▶ [THE DATA]:

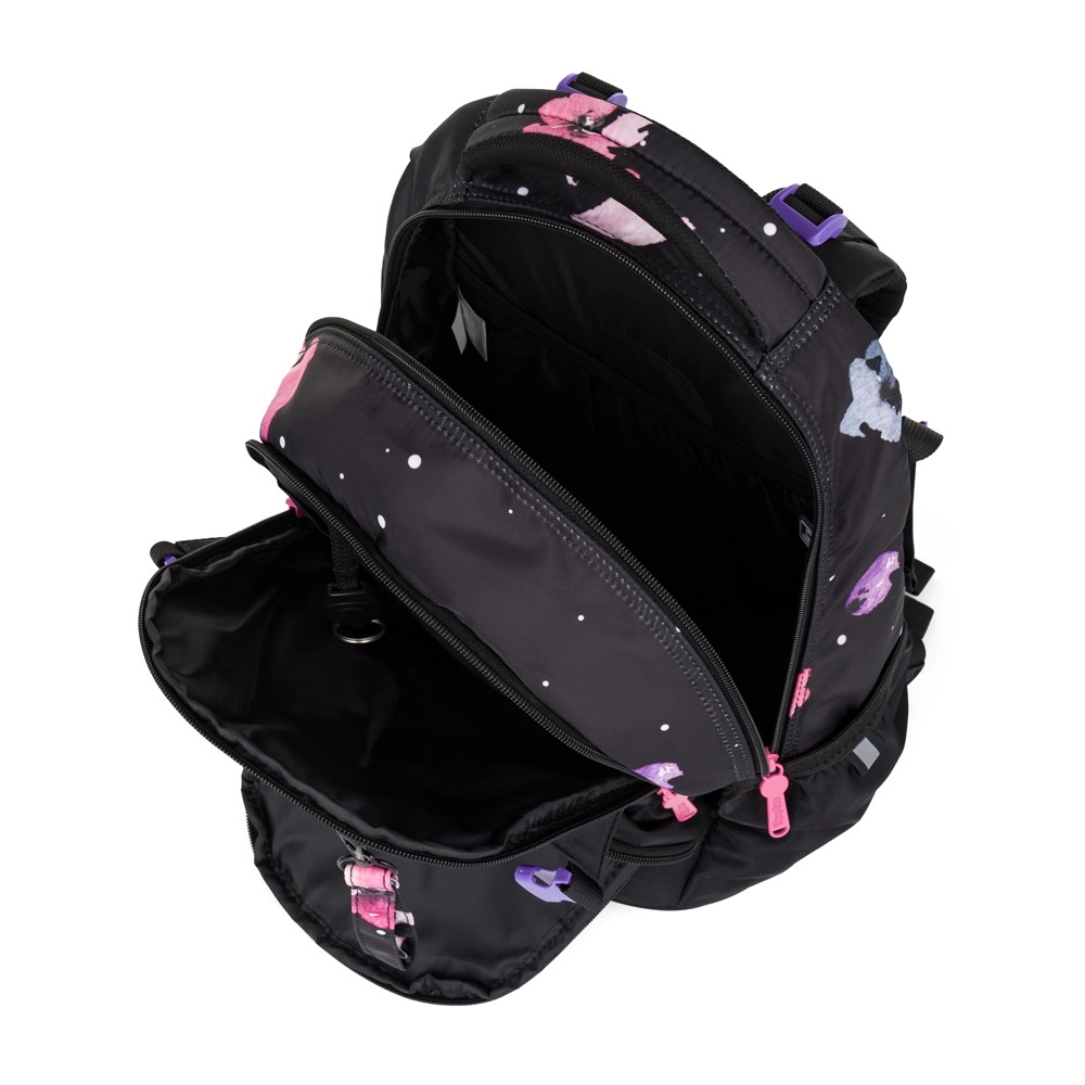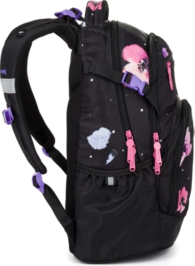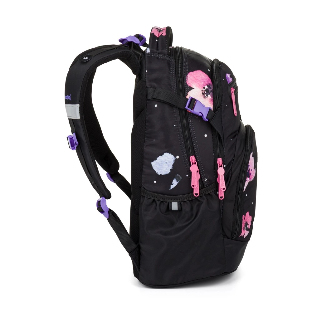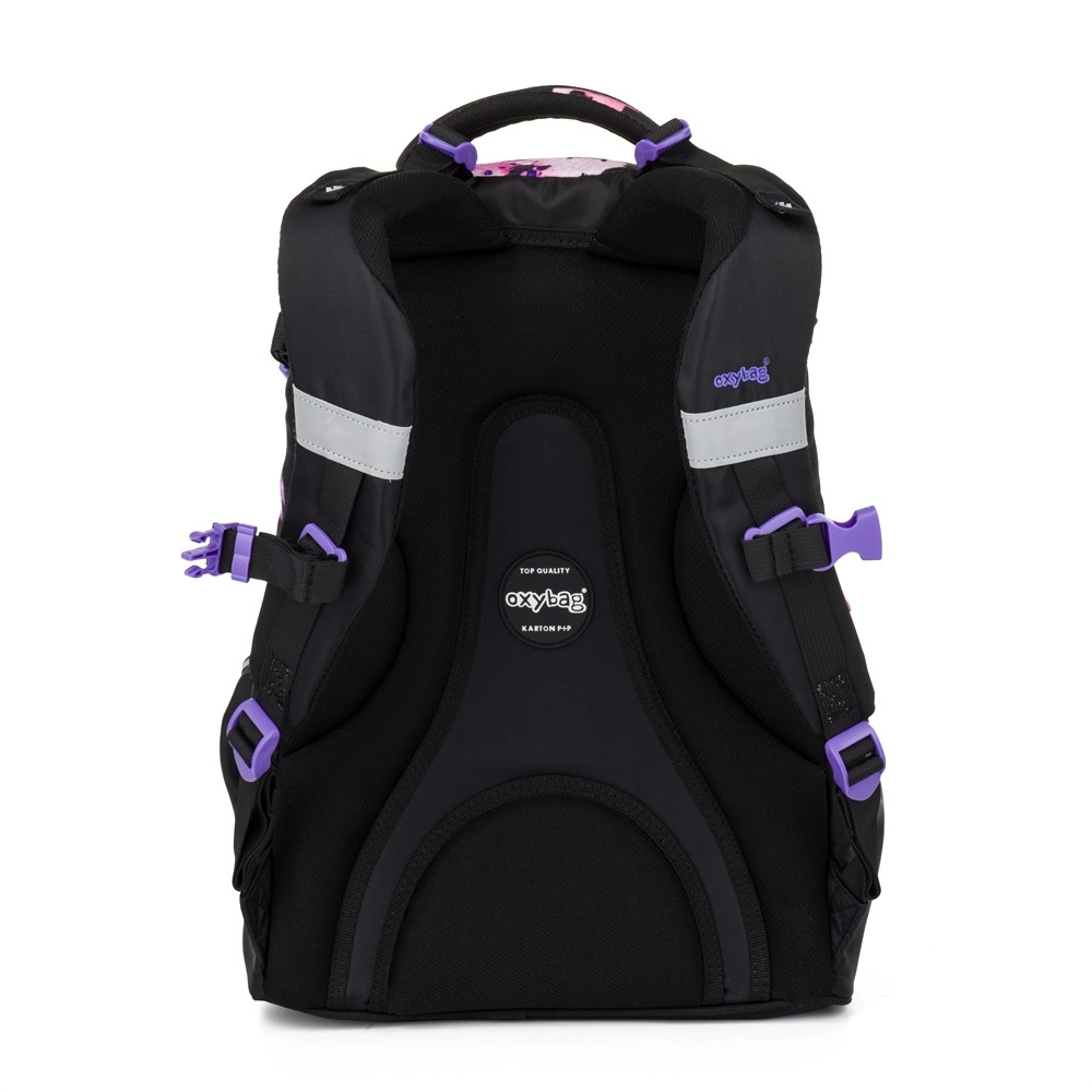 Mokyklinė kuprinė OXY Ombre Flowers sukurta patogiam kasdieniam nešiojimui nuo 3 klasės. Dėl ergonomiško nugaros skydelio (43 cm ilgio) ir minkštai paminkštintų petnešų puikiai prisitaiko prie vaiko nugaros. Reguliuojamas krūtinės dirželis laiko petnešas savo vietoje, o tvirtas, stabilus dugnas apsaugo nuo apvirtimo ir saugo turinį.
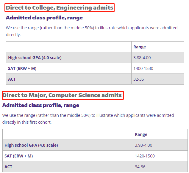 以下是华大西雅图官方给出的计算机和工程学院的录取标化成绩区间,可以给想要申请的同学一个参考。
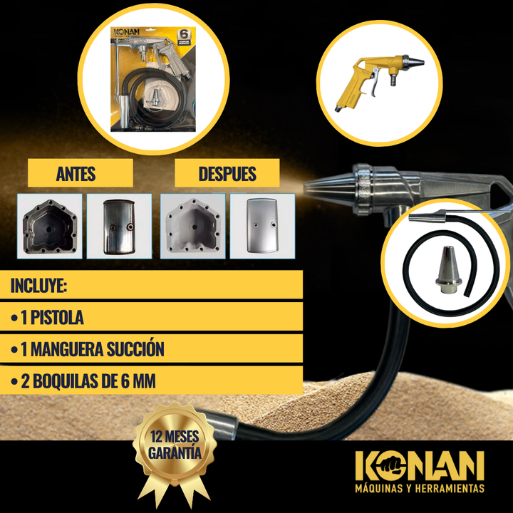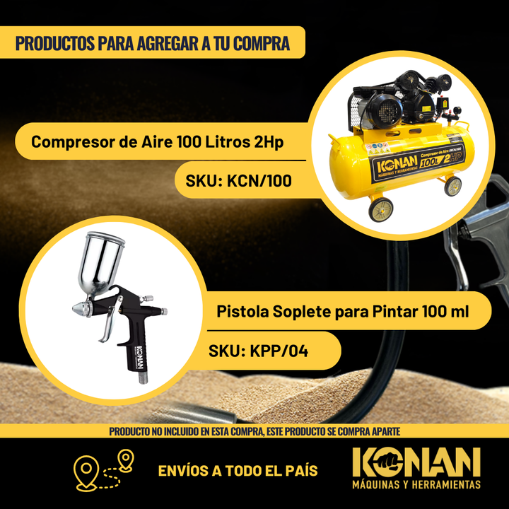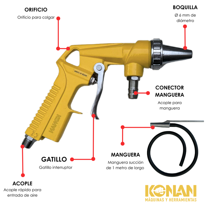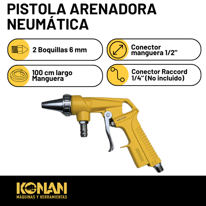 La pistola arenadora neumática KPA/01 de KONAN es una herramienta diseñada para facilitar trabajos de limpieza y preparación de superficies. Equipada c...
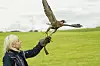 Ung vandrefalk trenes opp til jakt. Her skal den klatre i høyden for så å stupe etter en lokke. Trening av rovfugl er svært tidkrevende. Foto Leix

▶ [WHAT IS REQUIRED]: Retype the lines above exactly, no pictures.

▶ [EXERCISE RESULT]:
 Mokyklinė kuprinė OXY Ombre Flowers sukurta patogiam kasdieniam nešiojimui nuo 3 klasės. Dėl ergonomiško nugaros skydelio (43 cm ilgio) ir minkštai paminkštintų petnešų puikiai prisitaiko prie vaiko nugaros. Reguliuojamas krūtinės dirželis laiko petnešas savo vietoje, o tvirtas, stabilus dugnas apsaugo nuo apvirtimo ir saugo turinį.
 以下是华大西雅图官方给出的计算机和工程学院的录取标化成绩区间,可以给想要申请的同学一个参考。
 La pistola arenadora neumática KPA/01 de KONAN es una herramienta diseñada para facilitar trabajos de limpieza y preparación de superficies. Equipada c...
 Ung vandrefalk trenes opp til jakt. Her skal den klatre i høyden for så å stupe etter en lokke. Trening av rovfugl er svært tidkrevende. Foto Leix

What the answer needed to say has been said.